The Professionality Myth


Traditional management strategies approach the problem of leading human beings from the viewpoint that people are supposed to be “professional” as soon as they arrive at the workplace.

This assumes that human beings have emotions that can be switched off at will: as soon as a person reaches the workplace he/she is able to completely forget about their private lives, about their out-of-work emotions, about the discord they just had with the taxi driver, about the great evening they just spent with their spouse and become “professional”.

Defining “Professional” Behavior

According to Wikipedia a “professional” is:
A professional does an activity to receive payment for an act (as a profession), which usually requires expertise and carries with it socially significant mores and folkways. That is to say, behaving professionally would indicate that the person's actions remain in accordance with specific rules, written or unwritten, pertaining to behavior, dress, speech, etc. By extension, the adjective professional identifies somebody recognized for expertise or skill in a craft or activity.

Can Professional People Still Have Emotions?

Having read the above definition how do you feel? Are you excited, does your heart skip a beat? Maybe not. And that would be quite natural, the emotional essence of professional behavior is to be neutral, efficient and deliver results.

However: this completely contradicts the way human beings are built. We are sentient, emotional beings who cannot switch off our emotions, we carry them with us wherever we go. Suppressing these emotions and acting “professional” will create a short term effect of seeming neutral and in charge, yet the emotions are still there, under the surface, hi-jacking much of our conscious and unconscious mind.

The Holistic Approach To Transformational Leadership Creating Evangelist Teams That Go The Extra Mile

Transformational Leaders are aware that their team members are holistic emotional beings: emotions are always there… what affects you at home you bring to the workplace, what affects you at the workplace you bring home.

Emotions that are not talked about tend to stack up

Most of the emotions we learn to avoid speaking about are negative. It is seen as impolite and unprofessional to talk about that problem with the children at school or that conversation with the spouse that did not go so well.

Thus a person reaches the workplace his/her emotions still fully involved in what just happened and is now expected to negotiate that big deal.
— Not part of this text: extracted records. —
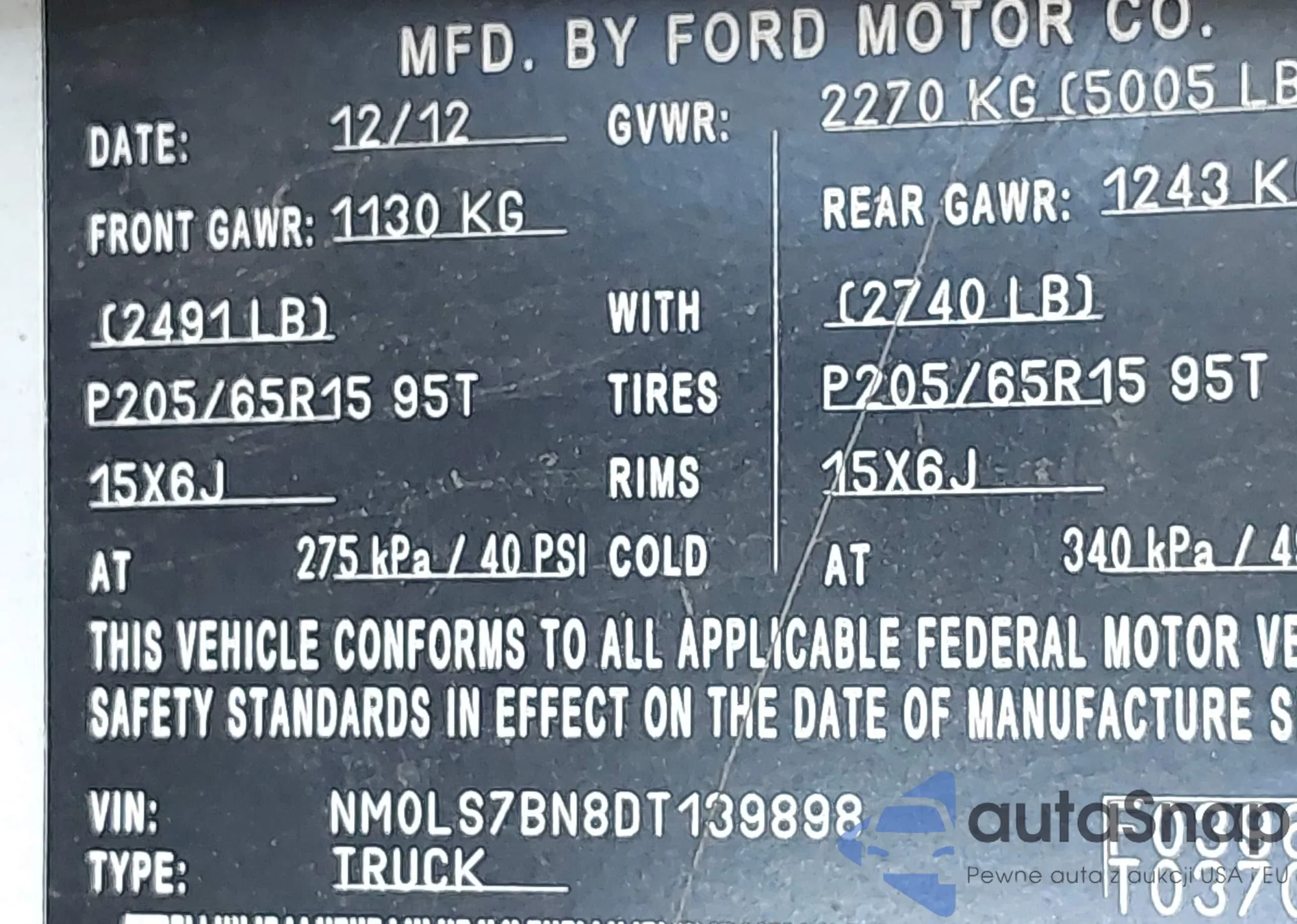 • VIN NM0LS7BN8DT139898
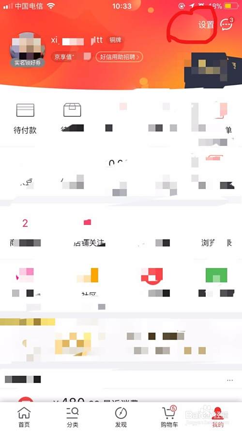在京东app主页的下方的功能项中找到“我的”,并点击进入我的。可以看到我的界面的右上角有“设置”功能字样。如图
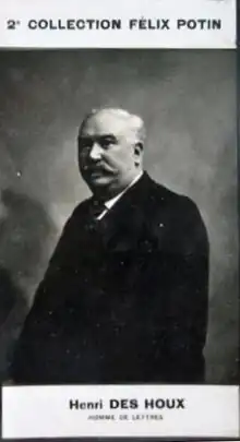 Malade d'une broncho-pneumonie[28], Henri des Houx meurt le à son domicile du no 104 de la rue de Richelieu. Le surlendemain, il est inhumé au cimetière du Père-Lachaise (division 62)[29], en présence de nombreuses personnalités et après des prières prononcées par l'abbé Georges Volet, curé vieux-catholique de l'église cultuelle gallicane Saint-Denis[30] située au no 96 du boulevard Auguste-Blanqui (aujourd'hui cathédrale Saint-Irénée de l'Église catholique orthodoxe de France).
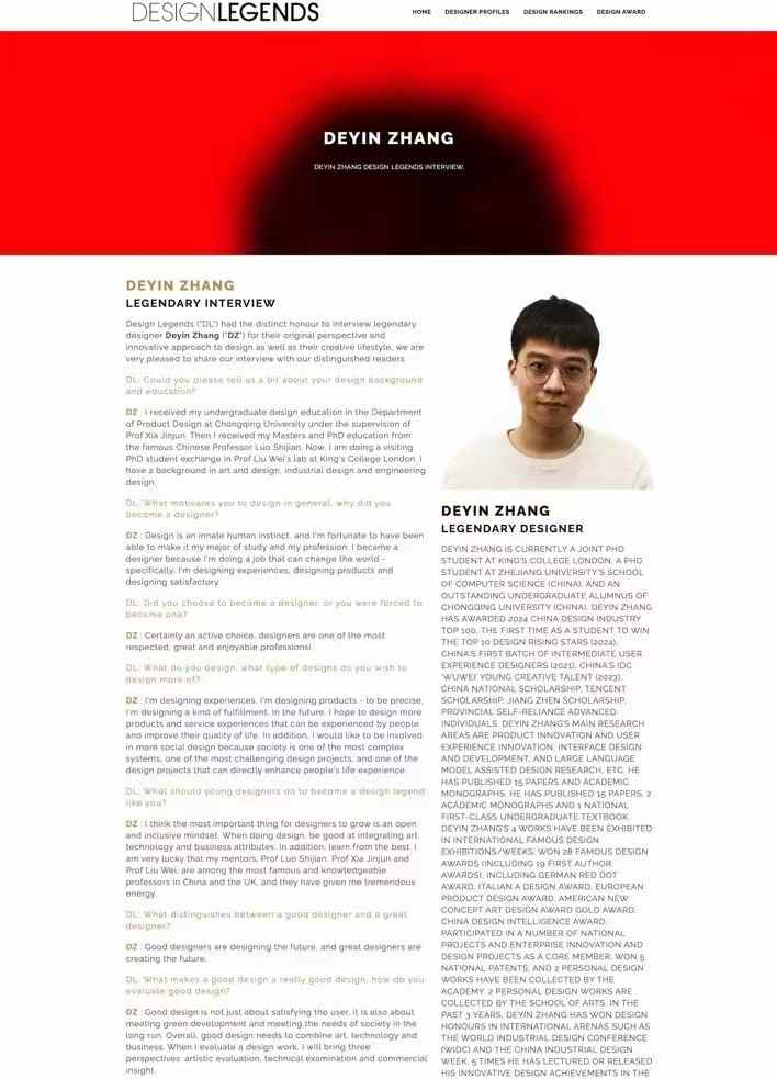 2025年1月,校友张德寅被意大利A Design Award组委会关注并作为DESIGN LEGENDARY(设计传奇人物)接受采访,入选DESIGN LEGENDS栏目。
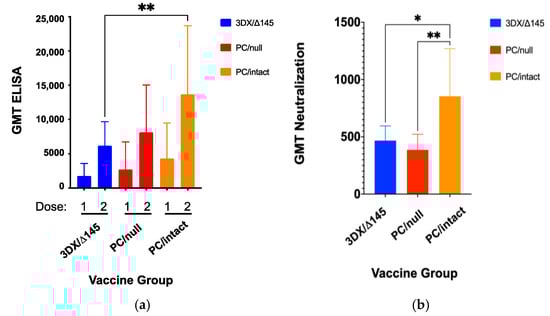 - Dams in the PC/intact vaccine group demonstrated higher mean virus-neutralizing antibody titers, assessed on fibroblast cells, compared to either the PC/null or the 3DX/Δ145 groups.
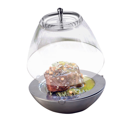 Mini Steamer, 8 oz., 4-3/4" dia. x 5-3/4"H, round, with polycarbonate lid, 18/10 stainless steel
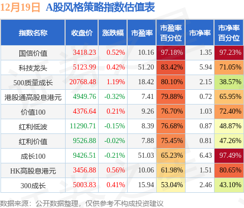 风格策略指数方面,国信价值的市盈率百分位较高,为97.18%。而300成长的市盈率百分位较低,为53.04%。
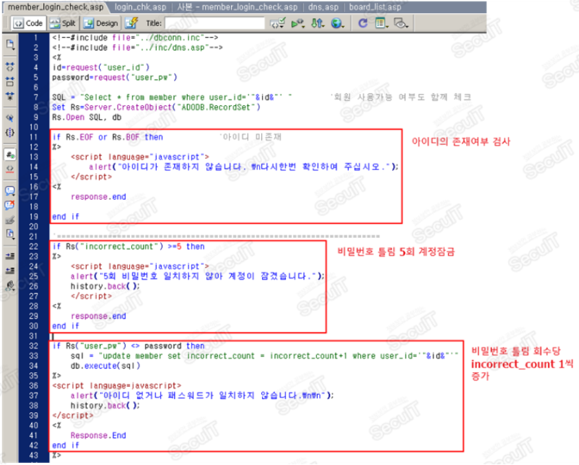 아이디와 비밀번호를 검사하는 페이지(member_login_check.asp)에 Secure Code를 적용하였습니다.

The emotions have to be blocked out, but they are still there, taking up considerable mind-capacity in order to manage them.
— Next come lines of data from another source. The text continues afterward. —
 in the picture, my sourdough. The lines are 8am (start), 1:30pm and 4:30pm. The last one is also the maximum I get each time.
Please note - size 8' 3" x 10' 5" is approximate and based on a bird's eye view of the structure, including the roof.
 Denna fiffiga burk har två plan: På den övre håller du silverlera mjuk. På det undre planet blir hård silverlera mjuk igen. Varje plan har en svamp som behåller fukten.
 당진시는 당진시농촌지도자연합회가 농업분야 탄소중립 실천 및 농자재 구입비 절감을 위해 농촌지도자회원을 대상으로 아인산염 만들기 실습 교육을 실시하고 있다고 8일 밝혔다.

Holistic Leaders know about this and foster an open communications culture, a culture that allows people to come in and unload some of their out-of-work emotions in a safe way with emotionally mature people who are good listeners. Once they have unburdened themselves to an attentive listener people register a marked improvement of their emotional state, they feel light, energetic and willing to go for the goal full out!

Listening Is Your Best Investment!

Many human beings go through life hardly being noticed by others. They feel like nobody cares, that they are just here to do a job, to be “professional” in order to get the work done and be paid.
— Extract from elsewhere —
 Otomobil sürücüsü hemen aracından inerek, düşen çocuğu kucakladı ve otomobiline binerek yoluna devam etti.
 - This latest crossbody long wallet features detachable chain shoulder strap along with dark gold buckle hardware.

We live in a fast paced world with little time and less patience for the individual. This has led to the misconception that there is no real time to listen to a person’s emotions, especially if these may be linked to some negative event!

Yet, listening is an act of healing! The more people know that their manager sees them as a holistic human being with emotions and who truly cares enough to take the time and listen, the more the team will trust the manager and start going that extra mile from the heart…

Article written by: Roger Konopasek
Author, International Speaker, Trainer and Transformational Leadership Catalyst."